Could you print the listing again exactly, omitting the pictures?

GIVEN DATA >>
━━━━━━━━━━━━━━━━━━━━━━━━━━━━━━

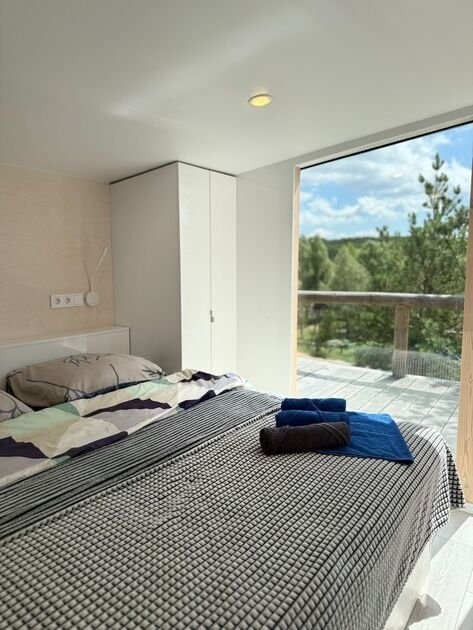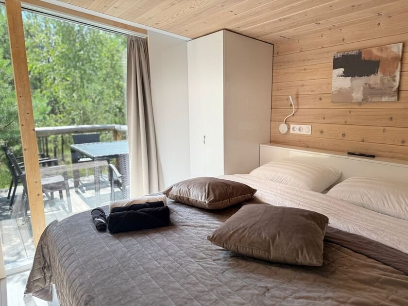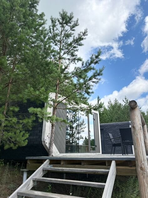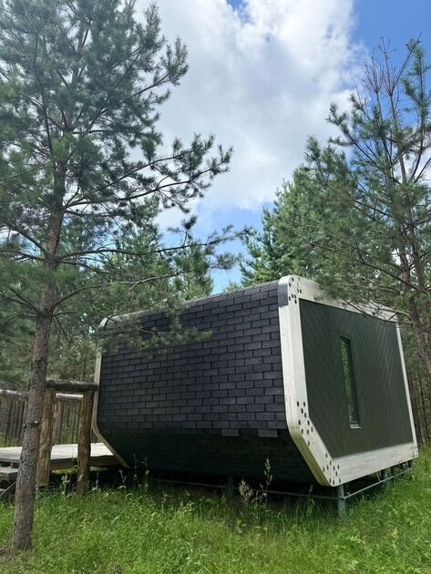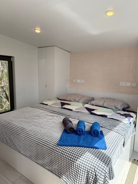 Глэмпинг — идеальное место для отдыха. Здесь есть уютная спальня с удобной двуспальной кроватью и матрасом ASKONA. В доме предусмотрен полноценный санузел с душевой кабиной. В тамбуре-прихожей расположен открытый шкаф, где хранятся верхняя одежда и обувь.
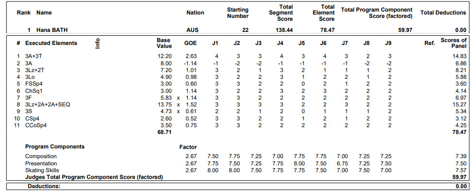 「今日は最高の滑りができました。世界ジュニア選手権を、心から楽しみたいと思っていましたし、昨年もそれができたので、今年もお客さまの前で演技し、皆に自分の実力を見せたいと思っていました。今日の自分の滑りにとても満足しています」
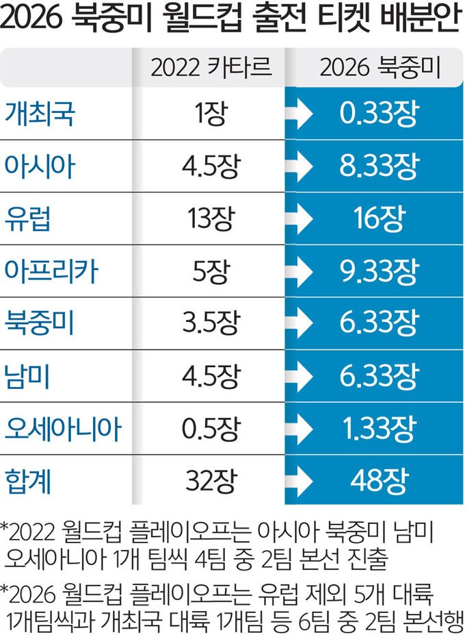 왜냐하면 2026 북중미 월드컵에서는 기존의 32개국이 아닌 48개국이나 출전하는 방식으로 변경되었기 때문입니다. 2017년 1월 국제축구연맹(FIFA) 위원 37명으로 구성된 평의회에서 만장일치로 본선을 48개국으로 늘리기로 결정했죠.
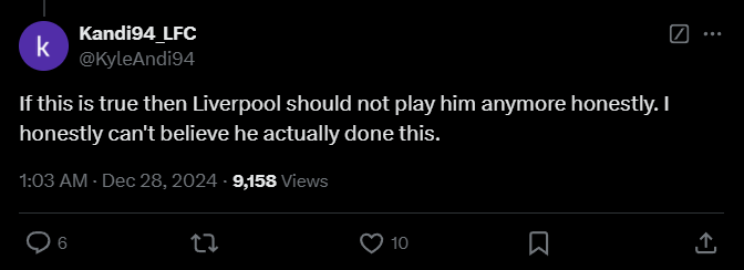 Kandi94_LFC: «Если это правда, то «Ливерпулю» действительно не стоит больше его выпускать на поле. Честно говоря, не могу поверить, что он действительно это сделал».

━━━━━━━━━━━━━━━━━━━━━━━━━━━━━━

TASK SOLUTION >>
 Глэмпинг — идеальное место для отдыха. Здесь есть уютная спальня с удобной двуспальной кроватью и матрасом ASKONA. В доме предусмотрен полноценный санузел с душевой кабиной. В тамбуре-прихожей расположен открытый шкаф, где хранятся верхняя одежда и обувь.
 「今日は最高の滑りができました。世界ジュニア選手権を、心から楽しみたいと思っていましたし、昨年もそれができたので、今年もお客さまの前で演技し、皆に自分の実力を見せたいと思っていました。今日の自分の滑りにとても満足しています」
 왜냐하면 2026 북중미 월드컵에서는 기존의 32개국이 아닌 48개국이나 출전하는 방식으로 변경되었기 때문입니다. 2017년 1월 국제축구연맹(FIFA) 위원 37명으로 구성된 평의회에서 만장일치로 본선을 48개국으로 늘리기로 결정했죠.
 Kandi94_LFC: «Если это правда, то «Ливерпулю» действительно не стоит больше его выпускать на поле. Честно говоря, не могу поверить, что он действительно это сделал».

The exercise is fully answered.